It was a productive and rewarding summer morning. I’d finished writing a short story. I’d distributed over a dozen of my books in a dozen new street libraries in a nearby neighborhood. I’d scored some killer 70s rock CDs at Goodwill. Why not celebrate with a beer in an OTA joint?
The Hidden East, a solid dive joint, beckoned. I pulled in and noticed every vehicle in the parking lot had expired tags or no license plates at all. I walked in just past noon. A game show was playing. With the sound on! I didn’t want to hear that drivel.
Several OTAs played video slots in silence. At a table in the middle of the room, a man with Down’s Syndrome ate a burrito.
I ordered a Vortex IPA from the female OTA bartender. She was utterly listless. I couldn’t stand the noise of the game show so I headed out to the patio. The show was playing on a screen out there! And louder!
A sign below the screen warned dog owners to pick up their dogs’ dumps. It was getting out of hand. You know and OTA joint has gone to (dog) shit if the OTAs won’t clean up their dogs’ shits.
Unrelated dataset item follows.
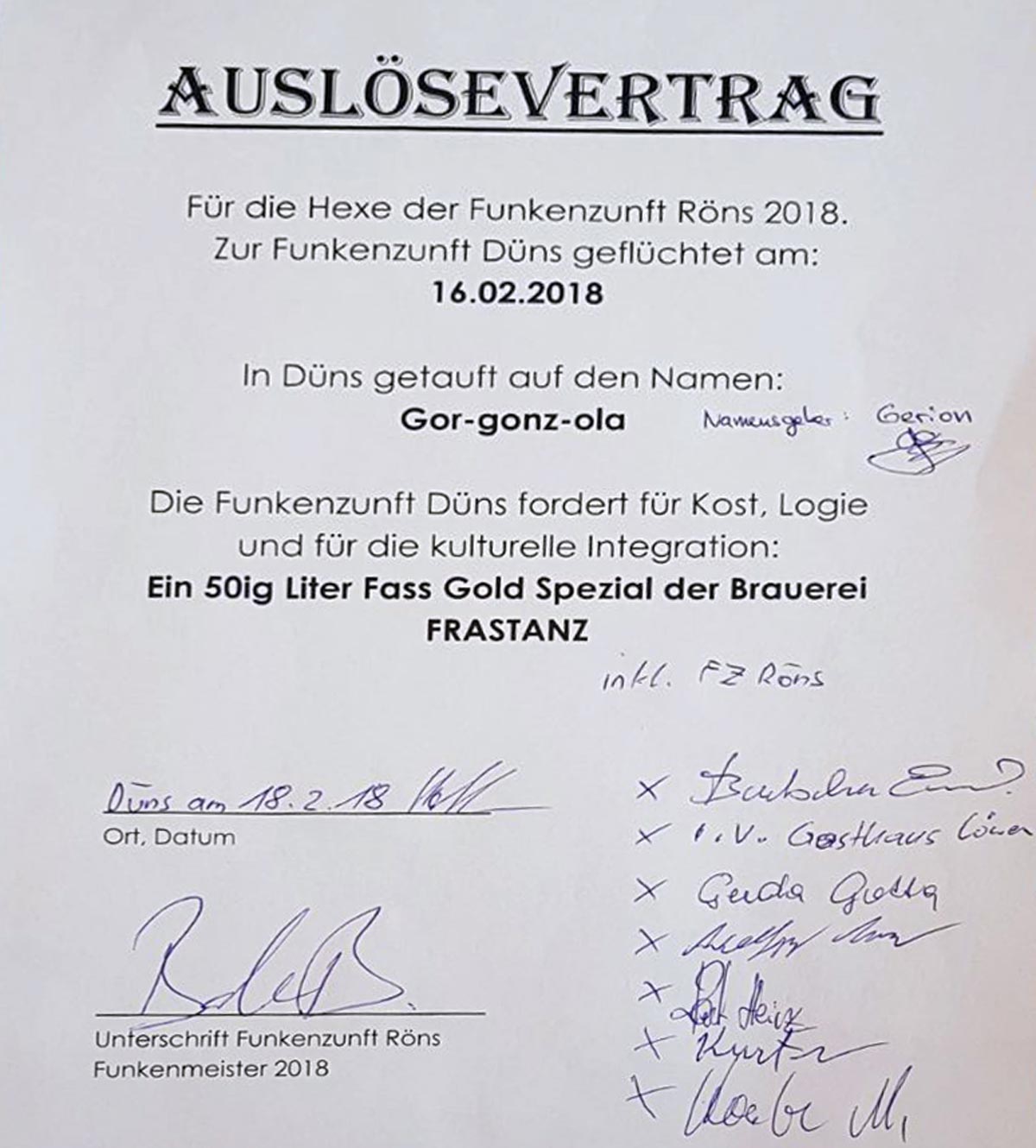 " Vielen Dank an die Dünser Funkenzunft für das "Klauen" unser Funkenhexe Kunigunde"Aussage: Erwin Burtscher

Two OTA men joined me on the patio. They lit cigarettes and launched into a conversation about some friend’s degenerate behavior.
I sipped my beer and thought I wouldn’t mind seeing a dog take under the screen as a sort of review of the game show.
Nothing much happened out on the patio. The two men finished their cigarettes and left me alone. I drank my beer and scribbled in a notebook. I kept up hope a dog would find its way onto the patio, preferably without its owner. I’d strike up a conversation with the dog and we would hang out together. Perhaps I need my own tavern dog.